For the un-initiated, sendfile() is a system call that sends data between two fi...

jbarham · on Sept 23, 2010

> sendfile() is a system call that sends data between two file descriptors

Not quite. As Pike complains, the first file descriptor must be mmap-able and the second must be a socket. I think his objection is that such narrowly applicable system calls do not belong in what should be a general purpose API.

jbjohns · on Sept 23, 2010

On Linux. I don't believe all Unix OSes have that requirement.

jrockway · on Sept 23, 2010

Yeah, it's all about context switching, which is just unnecessary work. Doesn't matter if you are serving 10 dynamic HTTP requests a day on a 16-core super machine. Does matter if you are serving the same file 100,000 times a second from your phone :)

(I do wish it worked for any fd to any other fd, because I have to write that code myself rather frequently. Example: copying data from a pty to the real terminal.)

leif · on Sept 23, 2010

It's not about context switching, it's about having to copy data from kernel space to user space and back. If there's no processing done between the calls to read() and write(), then there's no point copying it to user space.

sophacles · on Sept 23, 2010

read() then write() is expensive even using zero-copy techniques because there are at minimum 4 context switches for every chunk of data.

Further, every time the process stops running (another is scheduled say) the copy stops. With sendfile as a system call, this is not a problem as the kernel is working at this transfer every time it is running. (i.e. every context switch and every interrupt -- actually with dma, it the send could be happening even when the kernel is not running...)

aliguori · on Sept 24, 2010

No, this is not correct. The idea of sendfile() is that you can send a physical address (probably something in the buffer cache) directly to a network adapter in a zero copy manner. That's current impossible with a send()/write() to a file descriptor in Linux because you can't construct an SKB from a userspace address without forcefully pinning memory. Pinning memory from userspace is a privileged operation. OTOH, since buffer cache is not part of the memory of a process, you can obtain a physical address of it.

There's no magic in the kernel that avoids context switches. If a kernel thread has to switch to another kernel thread, that's still a context switch. And syscalls are ridiculously cheap on modern hardware. sysenter is like < 100 cycles.

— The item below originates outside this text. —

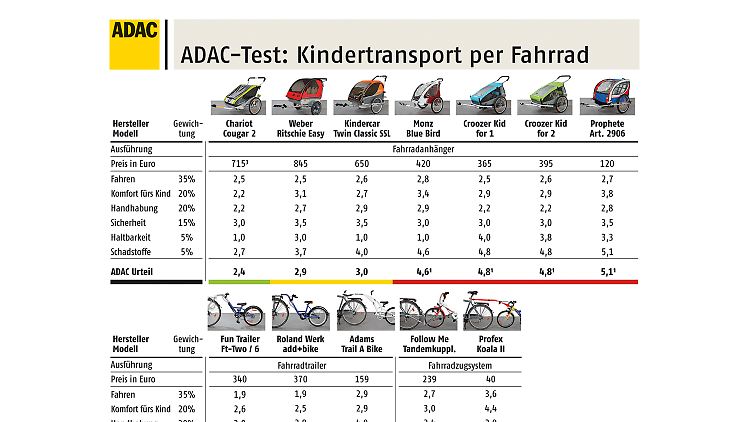 Bester Fahrradanhänger im Test wurde der Chariot Cougar 2 mit der Gesamtnote "gut". Schlusslicht bei den reinen Fahrradanhängern wurde der Prophete Art 2906, nicht nur wegen der höchsten Schadstoffwerte. Auch bei Regen bietet er demnach kaum Schutz. Allerdings ist er schon für 120 Euro zu haben, der teuerste Anhänger kostet fast 850 Euro. Bei den Fahrradzugsystemen erwies sich laut ADAC die Tandemstange Profex Koala II wegen schlechter Haltbarkeit als "mangelhafter" Totalausfall.

That said, there's no theoretical advantage to doing this via sendfile verses doing a send() from an mmap()'d file. If Linux was smarter, it could realize instantly that the address given to send is file backed and could construct an SKB from the physical memory without pinning.

This is what the reference to a "5 minute hack" was vs. Rob Pike's claim that the interface exists to work around a problem in Linux. He's completely correct.

sophacles · on Sept 24, 2010

I'm not disagreeing with this. However, the specified algorithm which I was posting about was read then write. It is what the parent said, not mmap then send. The two sets of calls have very different semantics as you said. For the case of

  data = read(fd, blocksize, dataptr); 
  while (data > 0) {
    write(sock, data, ...);
    data = read(fd, blocksize, dataptr);
  }

My statement holds true. Even if the context switching is minimal overhead, there are more context switches caused by my code, and further blocking and other processes add more delays.

tonfa · on Sept 23, 2010

Would splice help? http://en.wikipedia.org/wiki/Splice_(system_call)

gruseom · on Sept 23, 2010

I'm glad you posted that. It links to the following superb email thread about slice(), tee(), and other zery-copy magic:

http://kerneltrap.org/node/6505

FooBarWidget · on Sept 23, 2010

Unfortunately not, splice requires that one of the fds is a file. I want to forward data from a socket to another.

fragmede · on Sept 23, 2010

In 2.6.31, support was added to

> Allow splice(2) to work when both the input and the output is a pipe.

http://git.kernel.org/?p=linux/kernel/git/torvalds/linux-2.6...

alexgartrell · on Sept 23, 2010

This goes half way toward solving the problem. What most people want is a pure socket->socket. As evidenced by haproxy, you must still use a pipe intermediary, requiring multiple data copies (on the plus side, it's still fast).

  ret = splice(fd, NULL, b->pipe->prod, NULL, max,
               SPLICE_F_MOVE|SPLICE_F_NONBLOCK);

edited to add (because I couldn't reply): It almost certainly is faster than read/write, because it's straight memcpy's (which are pretty fast on modern hardware), instead of memcpy's, context switching, special read()/write() logic, and other stuff.

caf · on Sept 24, 2010

The pipe intermediary doesn't necessarily add a copy. You SPLICE_F_MOVE the data from the first fd to the pipe, then SPLICE_F_MOVE it from the pipe to the second fd. If either or both of those can be done zero-copy, they will be. The pipe intermediary is just a way of holding onto the reference-counted pages.

FooBarWidget · on Sept 23, 2010

Is that still faster than userspace forwarding with read() and write()?

ithkuil · on Sept 23, 2010

The sendfile manpage says:

" Presently (Linux 2.6.9): in_fd, must correspond to a file which supports mmap(2)-like operations (i.e., it cannot be a socket); and out_fd must refer to a socket. "

so apparently you cannot use sendfile for your scenario.

wmf · on Sept 23, 2010

That's not what the man page says. AFAIK HAProxy splices from one socket to another.

berntb · on Sept 23, 2010

I hadn't seen splice, it was cool. But what really blew my mind was the discussion of a system call on Wikipedia. :-)

To put it into the wikipedia is obvious I guess, but I just fell in love with the net again. Thank you.

Edit: I really should do some low level stuff again.

jacquesm · on Sept 23, 2010

Remove extra > from url to make it work.

Think 'netcat'.

jacobolus · on Sept 24, 2010

It’s really annoying that such bugs in news.arc’s renderer never get fixed. Surrounding a URL in <> is the official RFC-recommended way to do things. From RFC 2396 (1998):

> In practice, URI are delimited in a variety of ways, but usually within double-quotes "http://test.com/, angle brackets <http://test.com/>, or just using whitespace [...] Using <> angle brackets around each URI is especially recommended as a delimiting style for URI that contain whitespace.

http://www.ietf.org/rfc/rfc2396.txt